4. Obviously on account of the fact that the first plaintiff ceased to be a Hindu and became a Christian, she has lost her right to claim maintenance any longer under the Act. By reason of Section 4, Hindu Law relating to maintenance is no longer in force either from 21-12-1956. The result, therefore, is that the first plaintiff is not entitled to maintenance either under the Act or Hindu law of maintenance which has ceased to exist after that date. The question then is whether her claim for the period anterior to that date is enforceable any more.

5. It seems to me that the answer to the question will depend on the nature of the right to claim maintenance. It is well settled that the right to claim maintenance is no more than a mere personal right. It is certainly not a vested right which can be assigned. A decree for maintenance fixed at a specified rate is another matter. The personal right itself stemmed from the relationship of the parties and the provisions of Hindu law relating to maintenance. Being a personal right, it cannot naturally survive the person claiming it. I think the same result will follow upon conversion of a Hindu to another religion. After ceasing to be a Hindu she or he cannot enforce his or her right to past maintenance under Hindu law. Can a Hindu daughter after her marriage bring and sustain an action to recover past maintenance? On principle and having regard to the nature of the personal right, she cannot.

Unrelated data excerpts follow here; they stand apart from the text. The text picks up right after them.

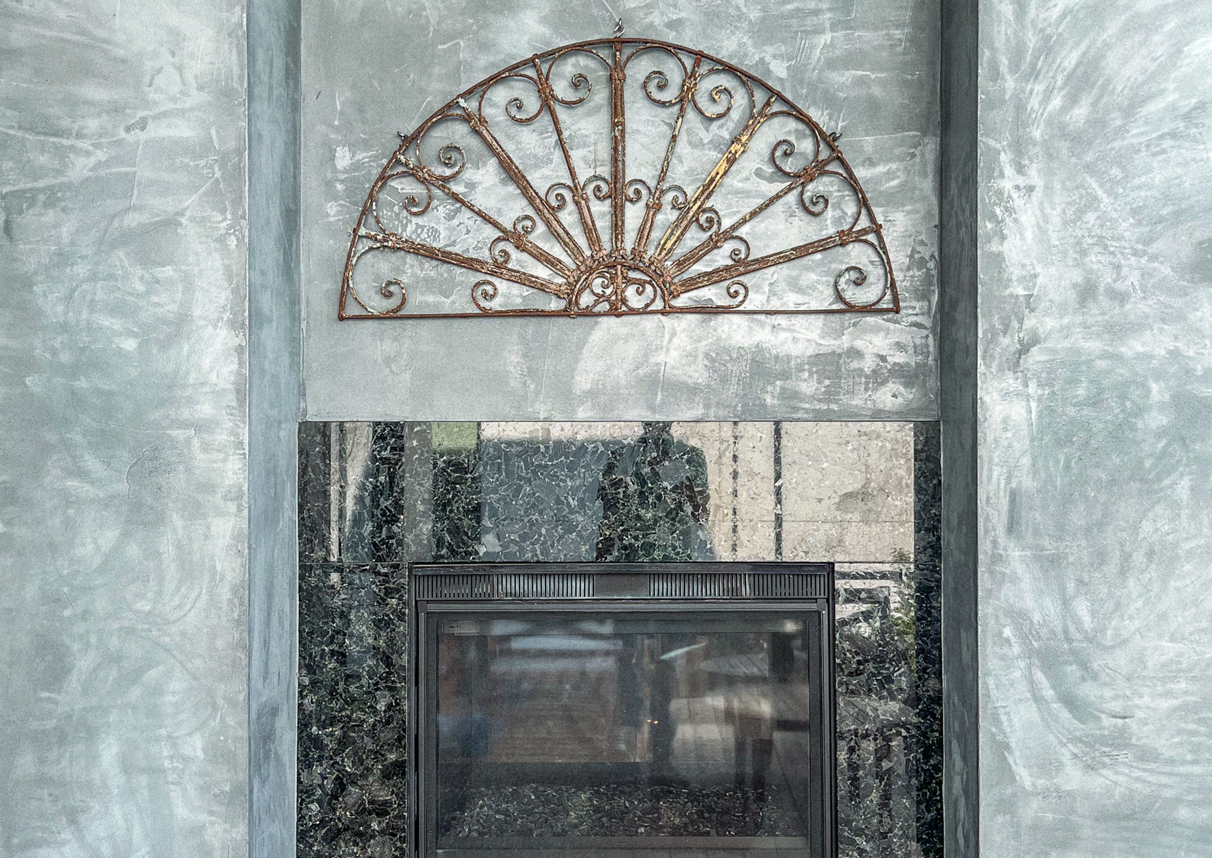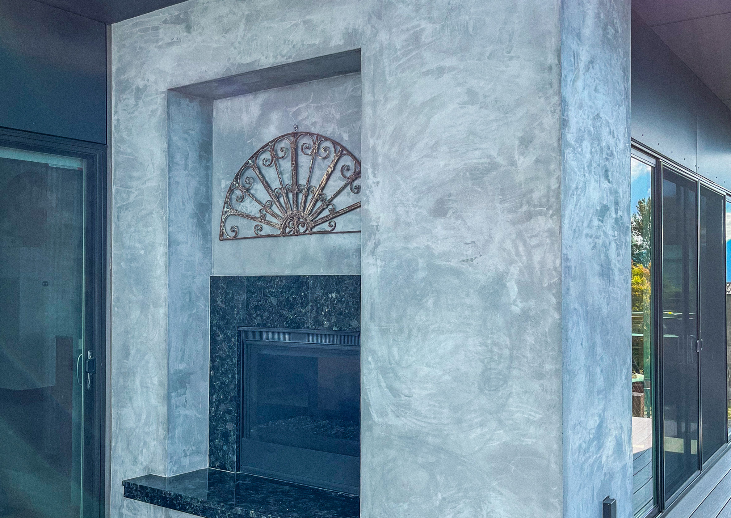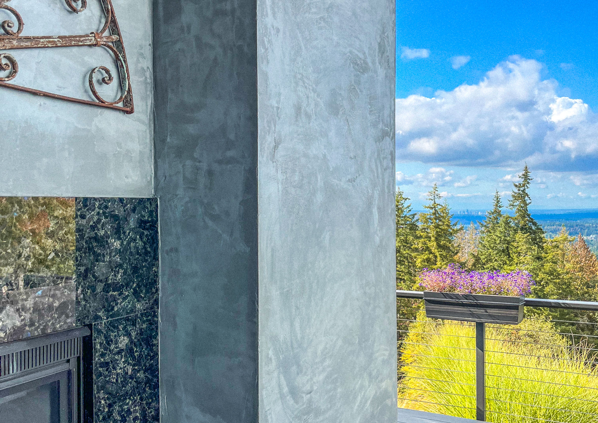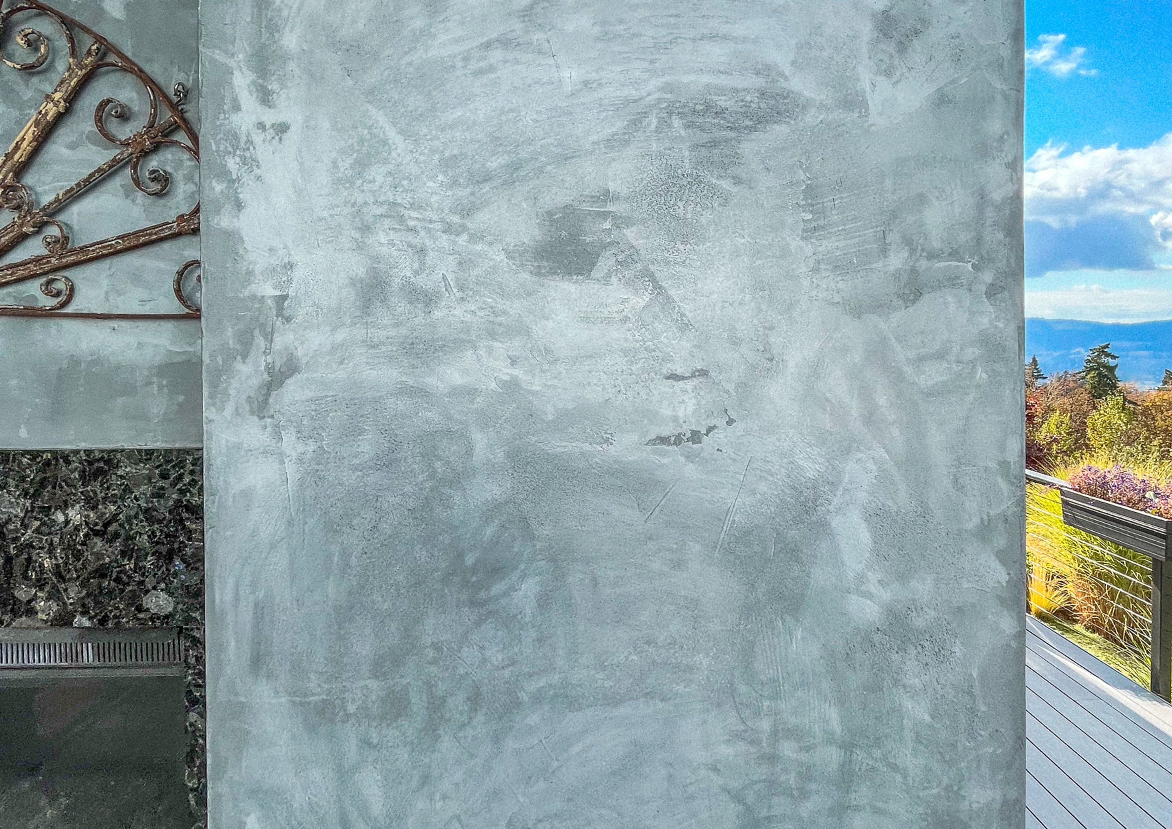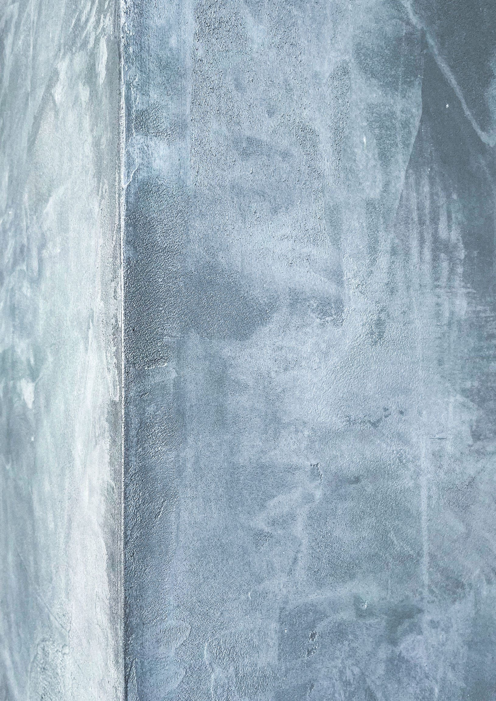 The shower room walls are covered with decorative stucco specially designed for areas exposed to moisture. This seamless monolithic finish for bathrooms is modern, practical and visually appealing.
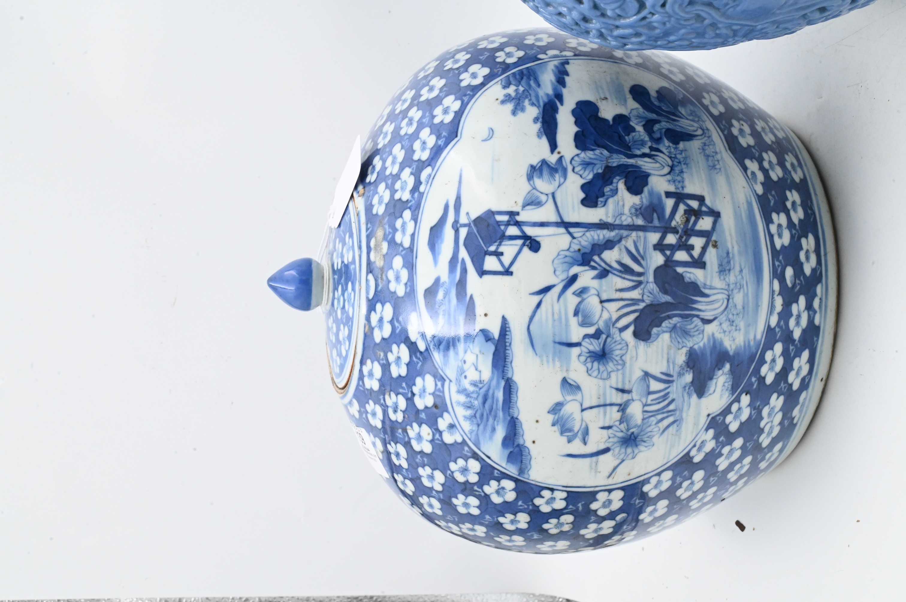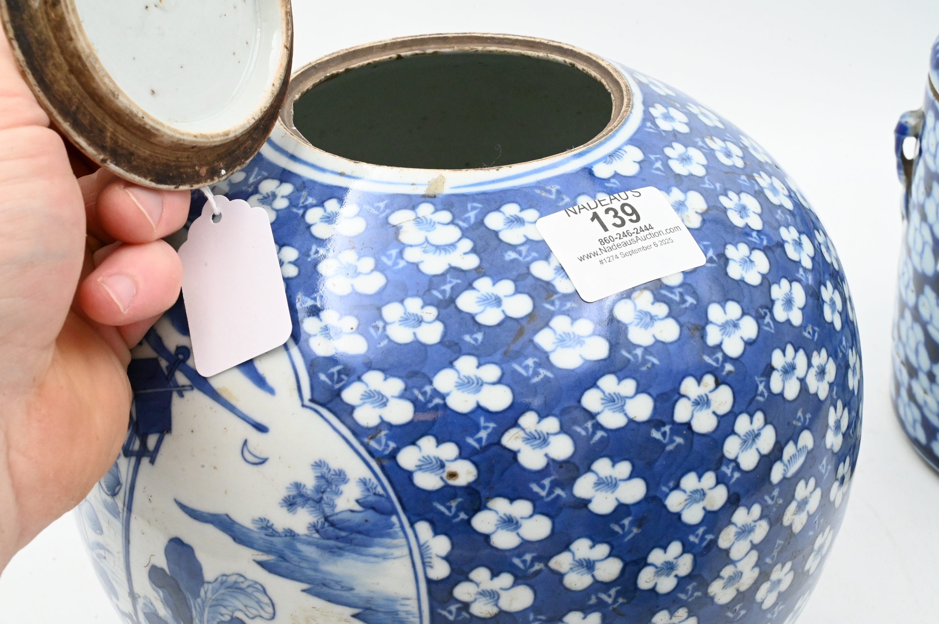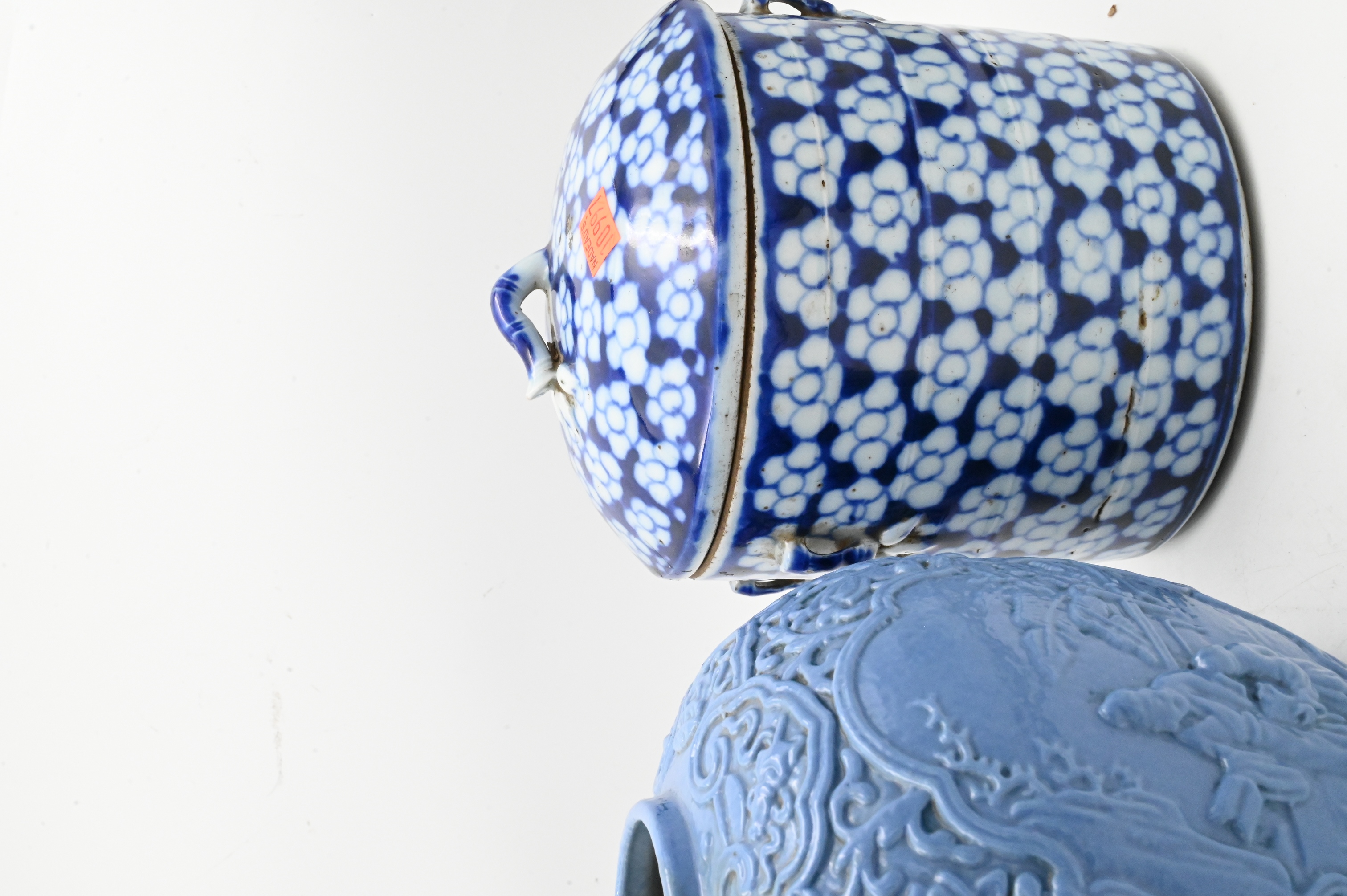 covered plum blossom jar with bamboo handles, round jar with blossom motif and cartouches having pond landscape, remnants of brown wax seal to underside along with Clair-de-lune periwinkle incised jar
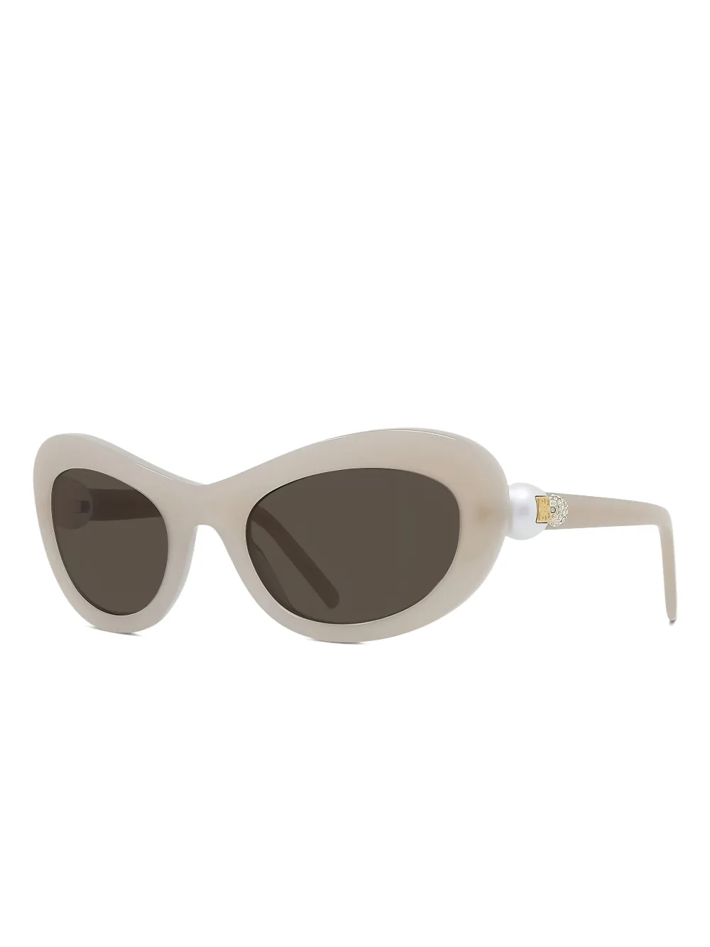 beige geometrisch montuur verfraaid met parels donkere glazen goudkleurig logo details op de tempel Deze bril wordt verkocht met een beschermhoes.
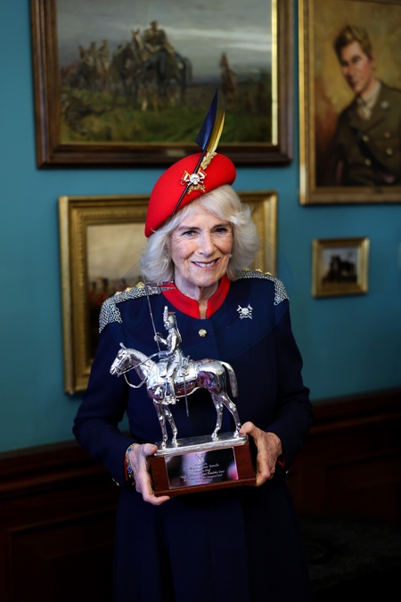 CATTERICK, ENGLAND - APRIL 22: Queen Camilla poses with a trophy which celebrates the first visit of the new Colonel-in-Chief during a visit to The Royal Lancers on April 22, 2024 in Catterick, England. Queen Camilla undertakes her first visit to the Regiment since being appointed as their Colonel-in-Chief. The Queen's late father, Major Bruce Shand MC & Bar, served with the 12th Lancers during World War II., Credit:Chris Jackson / Avalon
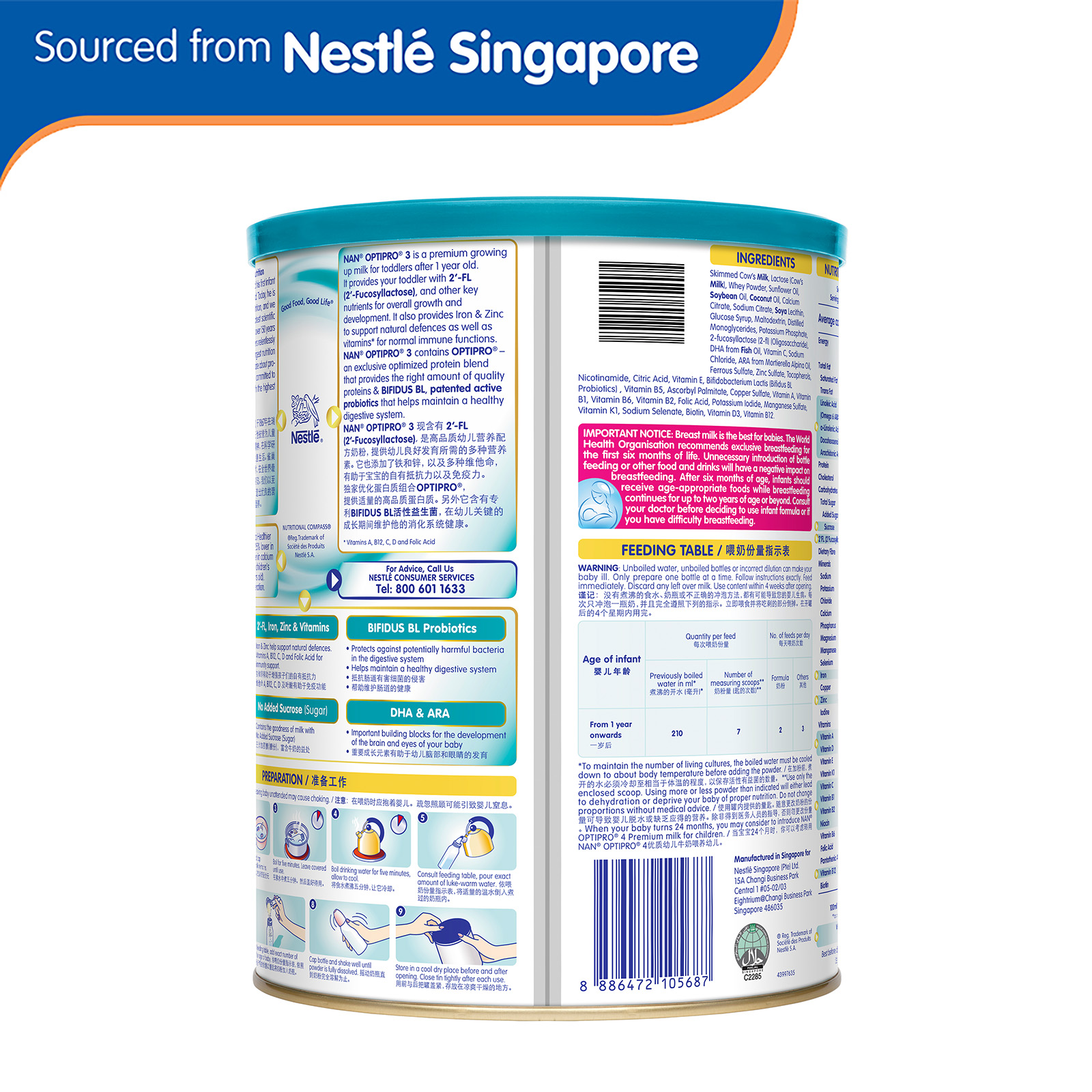 No Added Sucrose (Sugar) - Contains the goodness of milk with No Added Sucrose (Sugar).
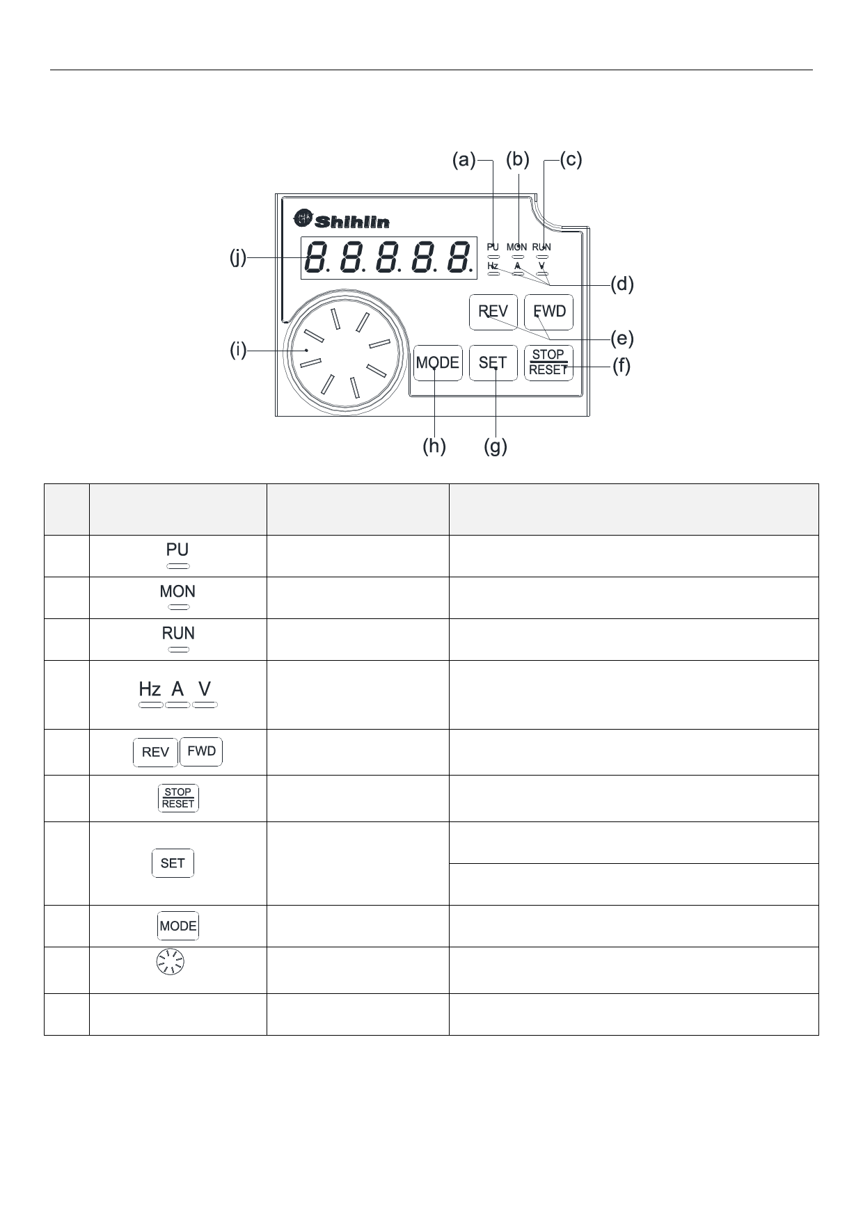 REV:反转启动,反转运行中 LED 灯亮。
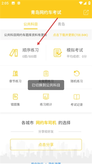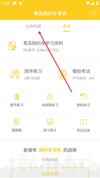 1、打开【青岛网约车考试】应用,点击顶部的【公共科目】标签,即可切换到对应的练习板块。
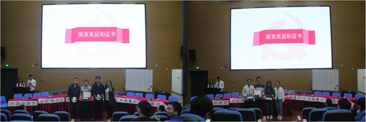 随后,进行党建知识竞赛,内容涵盖党章党规、条例准则及党的十九大等方面,分为积分赛、抢答赛和观众互动环节。参加本次党建知识竞赛的是来自学生党支部的红领巾队、全都会队、战必胜队、小红心队、圳能量队和沁园春队等六支队伍。在积分赛环节,选手们面对提问胸有成竹,应答如流,而在抢答赛环节,整场比赛进入高潮,比分逐渐拉开差距,比赛现场气氛热烈。经过激烈的角逐,最终来自2017级研究生党支部的小红心队获得一等奖;本科生党支部的红领巾队获二等奖;本科生党支部的战必胜队和2018级研究生党支部的圳能量队获得三等奖。
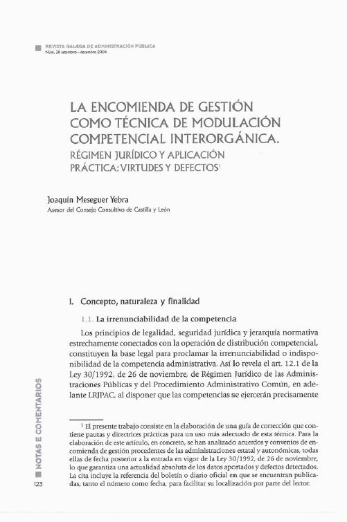La encomienda de gestión como técnica de modulación competencial interorgánica.

6. From what I have said above, it appears to follow that when once Hindu law of maintenance ceases to operate, the right of a Hindu to claim past maintenance also ceases automatically. In my opinion, this conclusion inevitably flows from the fact that the right to claim maintenance, past or future, is not a vested right but a personal one depending on the personal law. If the personal law ceases, the personal right to sue under that law too ceases.

In other words, the continued existence of Hindu law of maintenance is the foundation on which the right to sue for maintenance is founded.

7. In this case, therefore, Hindu law of maintenance to the extent provided by the Act having ceased to have force from 21-12-1956 and as the plaintiff due to her conversion to Christianity became disentitled to claim maintenance under the Act, the lower appellate court rightly dismissed the suit. Mr. K. V. Srinivasa Iyer contended that the Act was not retrospective in its operation. But on .the view I have expressed above, the Question does not arise for consideration.

8. The second appeal fails and is dismissed.But in the circumstances, there will be no order asto costs. Leave granted.